I have the same tv and was misled that it can play 4k content. I had directv come out and install a c61 4k client and the installers said it should work? First one they did and did not have a clue why it will not work. They left and said they would get back to me with an answer. Been a month still waiting. It plays the 4k demos in 1080p, very nice picture. I do agree the issue is directtvs 4k is at 60 fps, this tv only handles 30 fps. I just preordered a Amazon fire tv that is supposed to play 4 k at up to 30 fps. It will ship on Oct. 5. I have netflix account with 4k. also Amazon Prime that has some 4k material Will see what happens when it gets here, I will report back.


----------



## inkahauts (Nov 13, 2006)

The problem is the tv was made before the real final standards came out and is not really a 4K tv. I don't mean to be rude about it, but that's really the issue here. And you won't be alone. Thousands of people bought a lot of "4K" tvs that either aren't really 4K and or don't have the proper HDMI inputs to actually get 4K from anyone, except for something like Amazon that will down convert to make it work. I hate that they did that with those tvs. Hate it...


----------



## Rich (Feb 22, 2007)

tadam said:


> It says it doesn't but it does. My TV, which is less than a year old, supports a source 2160 resolution. It's a Directv thing as again, I had this happen with a 1080p samsung that Directv said it wasn't 1080p (in the settings) but it was.


I really don't understand why you think a TV with a resolution of 2160 would be a 4K set. Did the box it came in say it was or were you misled by a salesperson? I also ordered the new Fire TV box and am expecting deliver ~ early October too. I don't think it's gonna do you any good. When you hit the Info button on the remote it should tell you what resolution is being delivered and if it's 2016, I kinda doubt that NF or AP is gonna give you a 4K picture.

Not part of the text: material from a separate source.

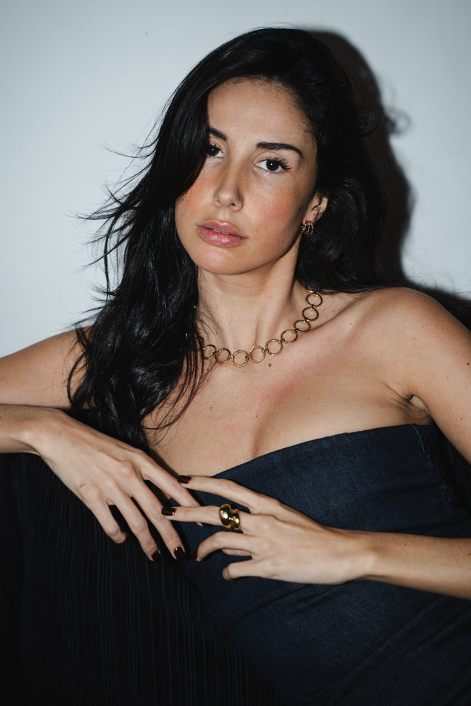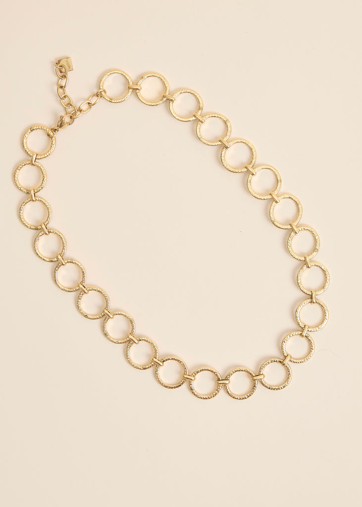 Affirmez un style chic et lumineux avec le collier Barry, le bijou idéal pour illuminer votre décolleté avec finesse. Ce collier se distingue par sa chaîne composée d'une série de cercles délicatement martelés et ajourés. Le travail du martelage capte la lumière avec élégance, tandis que le design ajouré confère à la pièce une légèreté et une modernité remarquables.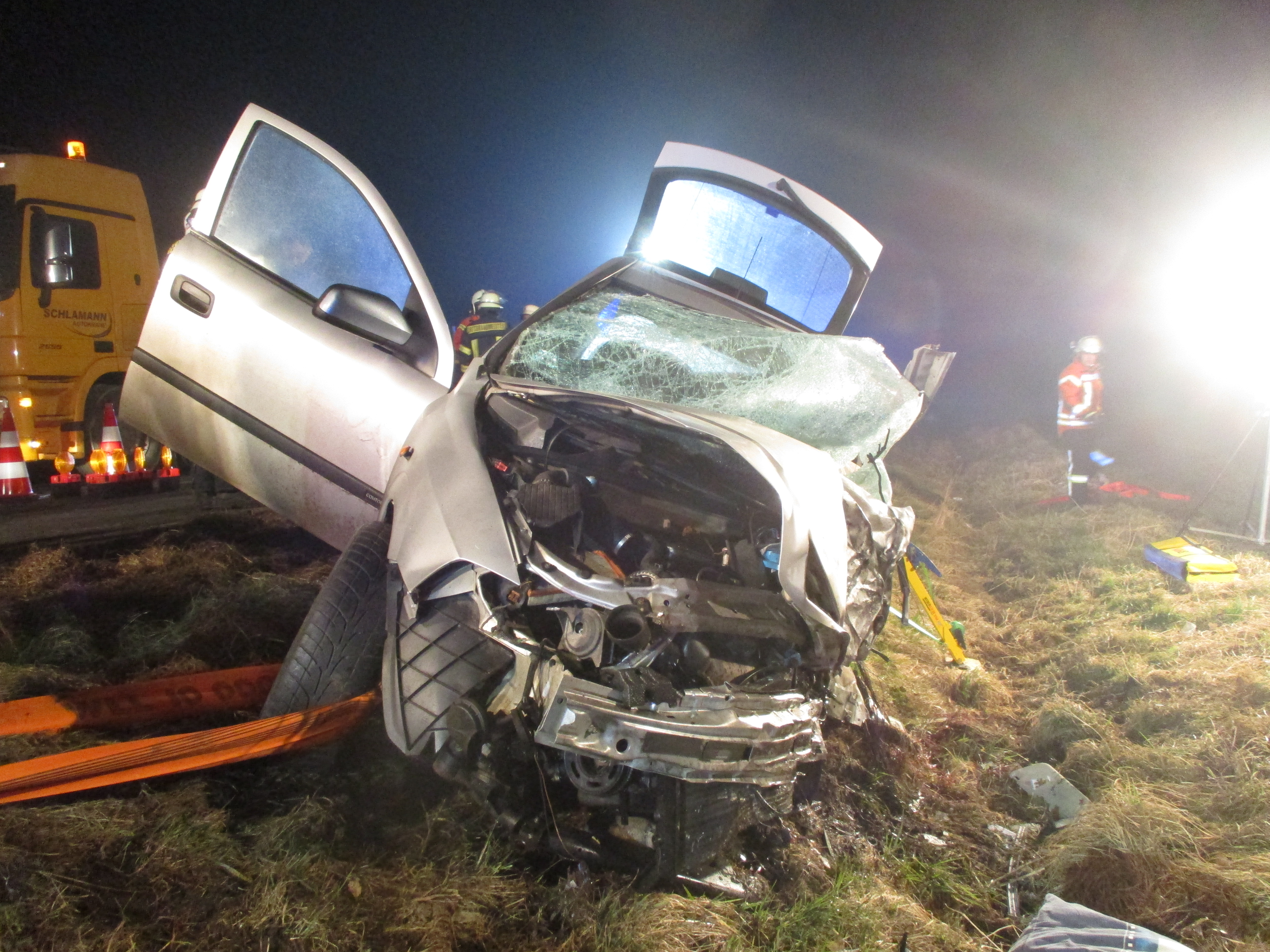 Nienburg (ots) - (BER)Am Mittwochabend, 07.03.2018, gegen 21.00 Uhr, befuhr ein 58 - jähriger Lkw-Fahrer aus Nordhorn die Bundesstraße 214 im Bereich der Gemeinde Steimbke. In einer leichten Kurve zwischen den Ortschaften Rodewald und Wendenbostel geriet ein entgegenkommender Pkw-Fahrer mit seinem Opel auf seine Fahrbahnseite und prallte gegen die Zugmaschine. Der Pkw wurde in den Seitenraum geschleudert, der Lkw kam auf einem benachbarten Acker zum Stehen, der Anhänger kippte um. Der aus Polen stammende Pkw-Fahrer wurde durch Feuerwehrleute aus dem Opel befreit. Er verstarb trotz eingeleiteter Sofortmaßnahmen noch an der Unfallstelle. Der Lkw- Fahrer wurde mit Verdacht auf Frakturen in die Helios-Klinik in Nienburg eingeliefert. Für die Bergungs - und Reinigungsmaßnahmen auf und an der Bundesstraße wurde diese bis gegen 07.15 Uhr gesperrt. Der Bauhof richtete eine Umleitung ein. Feuerwehrleute aus Steimbke, Rodewald, Wendenbostel und Nienburg waren für Bergungsmaßnahmen sowie Absicherung der Unfallstelle eingesetzt. Spezialisten des Dekra werden am Donnerstagmorgen die Unfallstelle gemeinsam mit der Polizei erneut untersuchen.

I know when you do a voice search for "4k" on the older boxes in AP, you only get a 1080P input. I really doubt the box is gonna help you. I don't see anything D* is doing wrong.

Rich


----------



## Rich (Feb 22, 2007)

NR4P said:


> I have to agree with your assessment. Sharp played games with the spec on this TV
> 
> This is what is on their web page
> Effective Resolution: 3840x2160
> ...


When I use my Sammy BD/upscaler that's what I get. Sure looks like Sharp is playing games.

Rich


----------



## tadam (Dec 8, 2006)

larcar said:


> I have the same tv and was misled that it can play 4k content. I had directv come out and install a c61 4k client and the installers said it should work? First one they did and did not have a clue why it will not work. They left and said they would get back to me with an answer. Been a month still waiting. It plays the 4k demos in 1080p, very nice picture. I do agree the issue is directtvs 4k is at 60 fps, this tv only handles 30 fps. I just preordered a Amazon fire tv that is supposed to play 4 k at up to 30 fps. It will ship on Oct. 5. I have netflix account with 4k. also Amazon Prime that has some 4k material Will see what happens when it gets here, I will report back.wThat would be very interesting to know. Unfortunately I do not have an internet connection that is fast enough for 4K


----------



## James Long (Apr 17, 2003)

Rich said:


> Sure looks like Sharp is playing games.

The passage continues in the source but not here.